8. Confidentiality. In accordance with U. S. Department of Health & Human

Services, Centers for Medicare and Medicaid Services Medicaid regulations, 42 C.F.R. 431.300

et seq., Provider shall maintain the confidentiality of information about individuals learned in

performing the duties required by this Agreement, including the individual’s name; address;

telephone number; past or present receipt of any state or federal program services; family, social,

or economic circumstances; medical data, including diagnoses and past history of disease,

impairment, or disability; income and other financial information; State agency evaluation of

personal or medical information; program eligibility; or third-party liability for payment for

program services to any person or entity. Provider shall not prepare and publish, or permit the

preparation and publication of, any electronic or written report disclosing confidential

information about any individual in a manner which permits the identification of that

individual. Contractor shall not disclose or permit the disclosure of any confidential information

about any individual without the prior informed consent of the individual or of the individual’s

representative, unless the disclosure is required by court order, to enable the delivery of services

for which the individual or the individual’s representative has requested or applied, for Medicaid

program administration, or by this Agreement. Provider shall further develop and maintain

policies and procedures, which protect the confidentiality of and guard against the unauthorized

disclosure of confidential information about individuals obtained through the performance of this

Agreement.
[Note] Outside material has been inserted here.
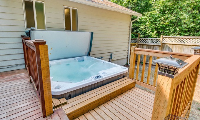 Enjoy the incredible location of this beautiful dog-friendly home in Vashon. This home is located in a quiet neighborhood and features a fenced-in backyard with a large deck, private hot tub, a wooden swing set for the kids - it's ideal for families! This home, which is also within walking distance to the beach, is ready-made for group getaways, large families, or family reunions!
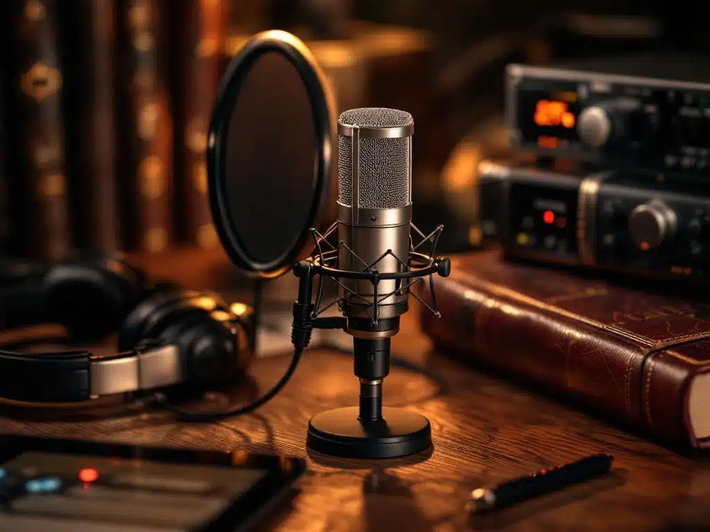 Voor een kwalitatief audioboek heb je minimaal een condensator microfoon, gesloten koptelefoon, audio-interface en een computer met opnamesoftware nodig. Een stille ruimte met akoestische behandeling voorkomt echo en achtergrondgeluid.

Provider's policies and procedures shall be binding on their employees, agents, and

Page 12 of 12 rev.fnl 1.14.15

independent Contractors and describe the penalties and sanctions imposed for violations of those

policies and procedures.

9. Health Insurance Portability and Accountability Act-Business Associates

Agreement. KDADS and various state entities are parties to a Business Associates Agreement

(“BA AGT”). On January 25, 2013, HHS promulgated new and final rules implementing the HI

TECH Act effective on or about September 23, 2013. A copy of KDADS’ revised BA AGT

addressing the new rules may be found at KDADS Business Associates Agreement Form. As a

condition precedent under this Agreement, and regardless of whether the Provider was a party to

an existing BA AGT, Provider shall complete the form, print, sign and mail the BA AGT to

KDADS “Legal Division.” Thereafter, a fully executed document will then be forwarded

electronically to the Provider. In the event that Provider receives protected health information, it

shall comply with the terms of the BA AGT, as it presently exists or as modified/amended, as if

the same were set forth in full herein. Provider may retain PHI with regard to any project that is

ongoing in nature; provided, however, that such permission is subject to strict adherence with the

terms of the within Agreement, HIPAA and the BA AGT. Any report required herein shall not

contain PHI or Confidential Information. If such information is found in such report(s), the same

shall be removed immediately. Notwithstanding such BA AGT, the Provider shall at all times

comply with HIPAA and the HI TECH ACT, as amended.

V. CONCLUSION:

Posted with this Clarification document is the modified FMS Contract. If you intend to be

an FMS provider, please print, sign and return the same the KDADS not later than close of

business on January 23, 2016. If you are a provider who has already signed and submitted your

contract, we would ask that you print, sign and re-submit the same.

Thank you for your anticipated assistance and cooperation in this matter.